In fall 2006, a certain first-year student felt a little lost walking through Polk Place on the first day of class. But she soon spotted a junior she had met a few days earlier. Kirk Francis ’08 was handing out homemade chocolate chip cookies from a giant Tupperware container.
“That really captures who he is,” said Juliann Francis ’10 of the man she married. “He enjoys cooking and baking for large amounts of people and loves to share joy through that. It’s why our company has been so successful.”
Kirk and Juliann Francis started Captain Cookie and the Milkman in 2012 in a renovated newspaper van in Washington, D.C. The company now includes a fleet of trucks and multiple locations in the nation’s capital as well as two stores in Raleigh.
One guy and a truck
The couple began dating after meeting at the Lutheran Campus Ministry. After graduation, Kirk Francis took a job as a government contractor in Washington. But he also delivered his cookies to local coffee shops every day by 6 a.m. before heading to his day job, working more than 100 hours a week.
“It was a ton of learning,” said Kirk Francis. “You think, ‘Oh, it’s just some flour and sugar.’ But you’re also paying for electricity to power the oven, gas to drive around, containers for cookies. I think a lot of people don’t account for their time, too.”
A few years later, Juliann Francis (whose degree was in journalism) was also in Washington, working at Bloomberg News. Then the food truck phenomenon hit town. It seemed like a good time for Kirk Francis to focus on cookies full time. He bought a large delivery truck and outfitted it to serve as a mobile bakeshop.
“When you take a full-scale bakery and put it in a 70-square-foot truck and roll it down the highway at 65 miles per hour, you’re going to have challenges every day,” he said.

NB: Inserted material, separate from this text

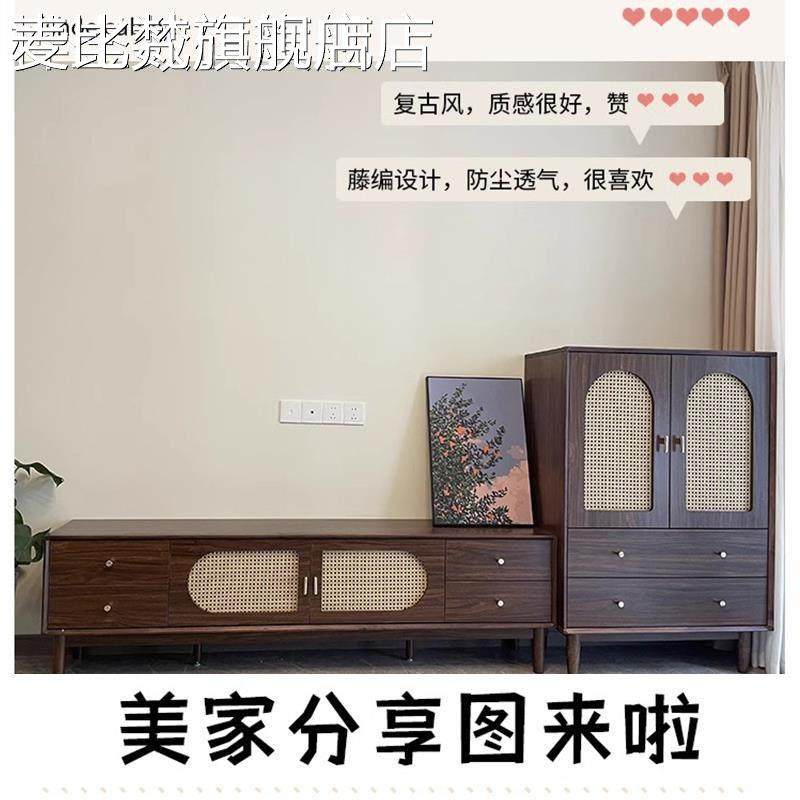 麦比梵实木中古风电视机柜复古藤编茶几2025新款客厅家用法式落地储物柜床笠拉车
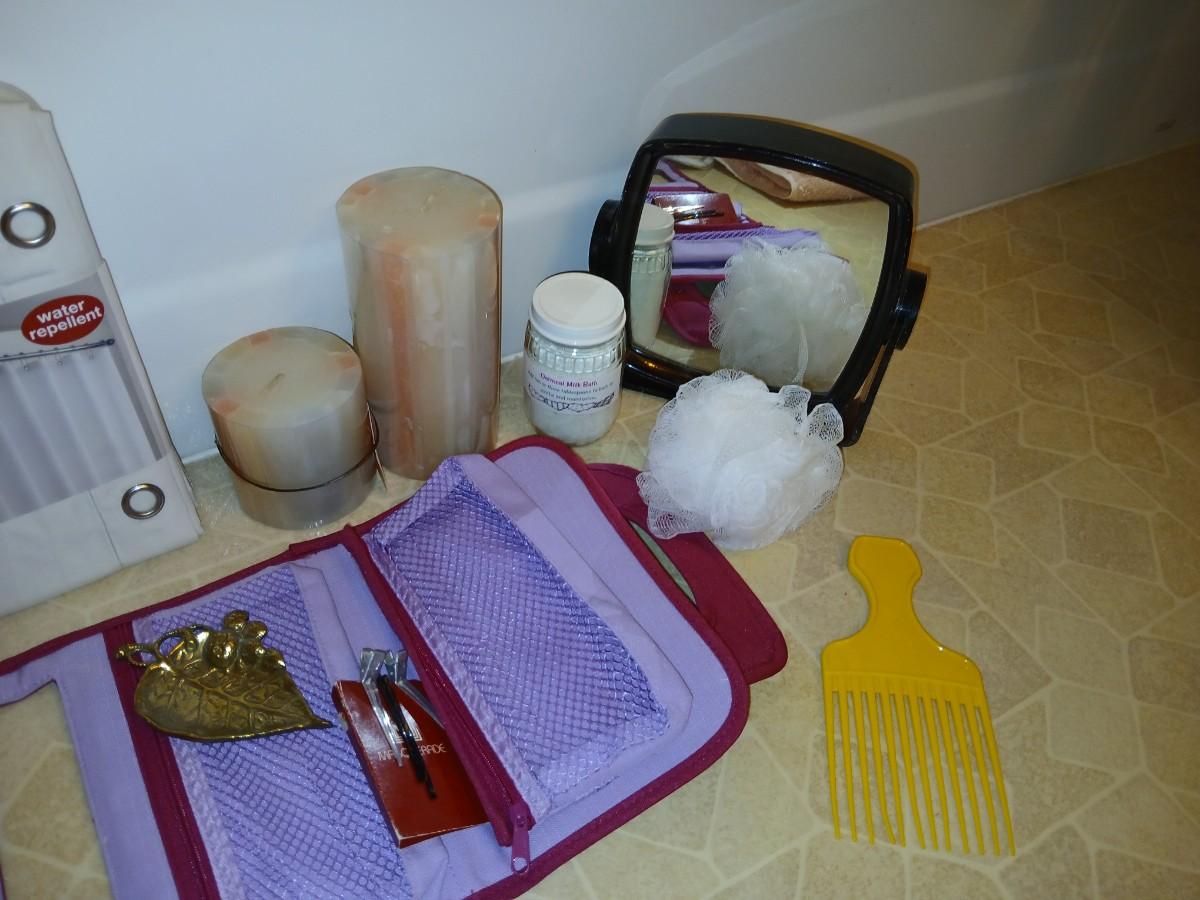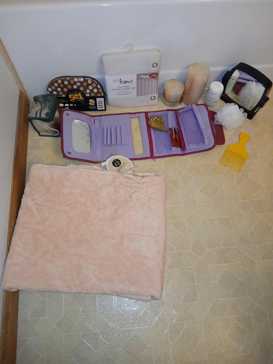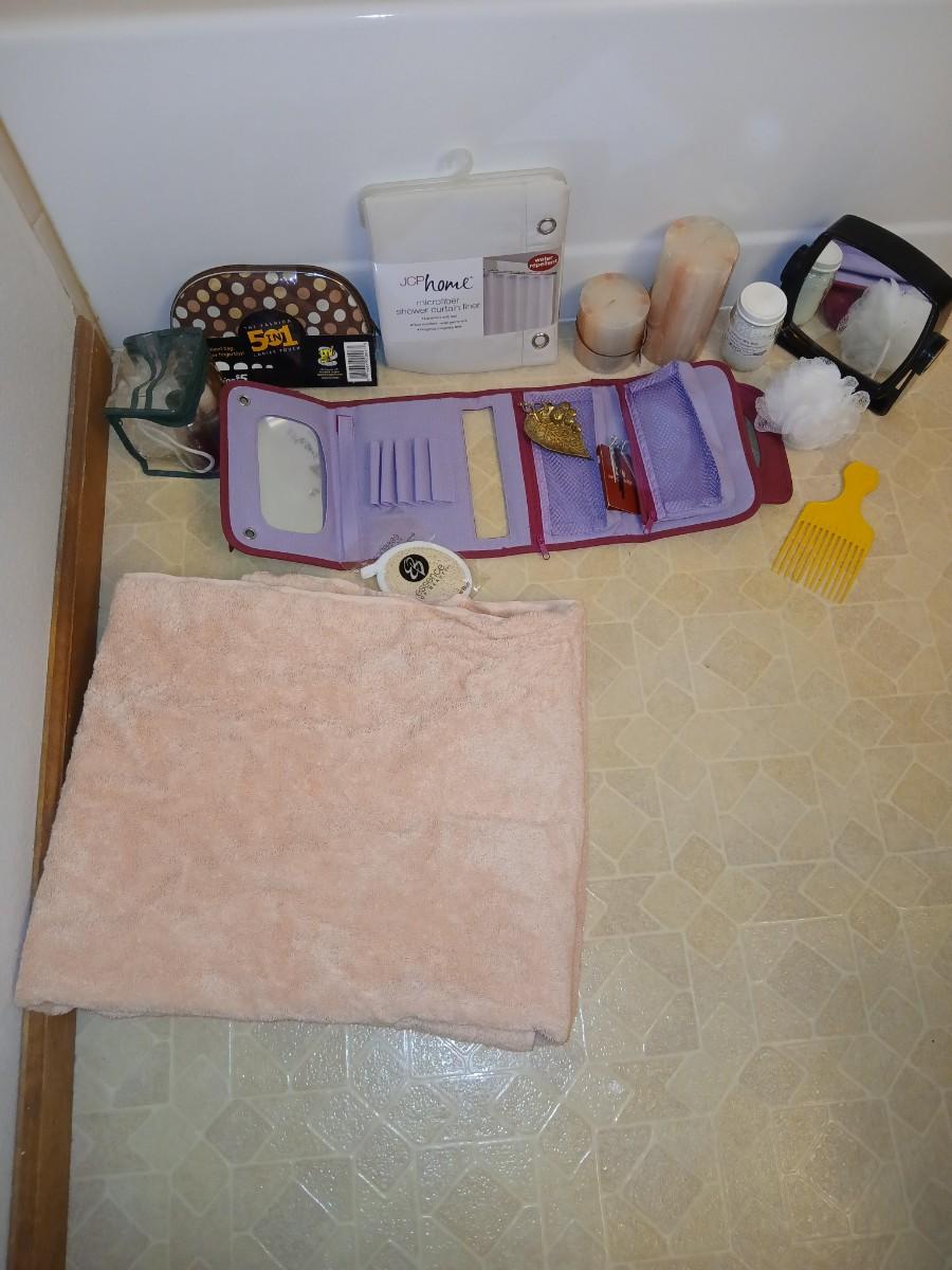 Ladies' spa day! Candles, makeup storage bags, new shower liner, bath towel, small mirror, and more

Back to the Tar Heel State
Juliann Francis coined the company name, inspired by the nostalgia of comic books. A couple of years later, she became CEO to focus on operations and scaling the business. They outfitted more trucks and opened more Washington locations before deciding to return to North Carolina — for the business and for their growing family. They opened a location in Transfer Co. Food Hall in downtown Raleigh in 2019 and added a store in the city’s North Hills neighborhood last year.
“We always wanted to come back to the Triangle,” she said.
The move to North Carolina brought the cookie business full circle. “Obsessed” with cookies as a kid in Oklahoma, Kirk Francis developed his chocolate chip cookie recipe as a student at Carolina, baking in a residence hall.
“I didn’t know a soul when I got to UNC, and some of my closest friends are people I met there who have been a part of this journey,” he said. “College is the first time I had to figure out how to pay rent, sign a lease, cook for myself and create an entirely new social environment. Learning how to deal with change and go through those experiences help prepare you for all of things you’ll face in the working world.”
As they look ahead to a new year, their goal hasn’t changed since his days of handing out cookies on Polk Place.
“Even if someone’s just coming in for a cookie, we want them to walk out happier than when they came in, and hopefully spread that to their family and friends,” said Juliann Francis. “We’re just trying to make people’s lives better within our sphere as much as possible.”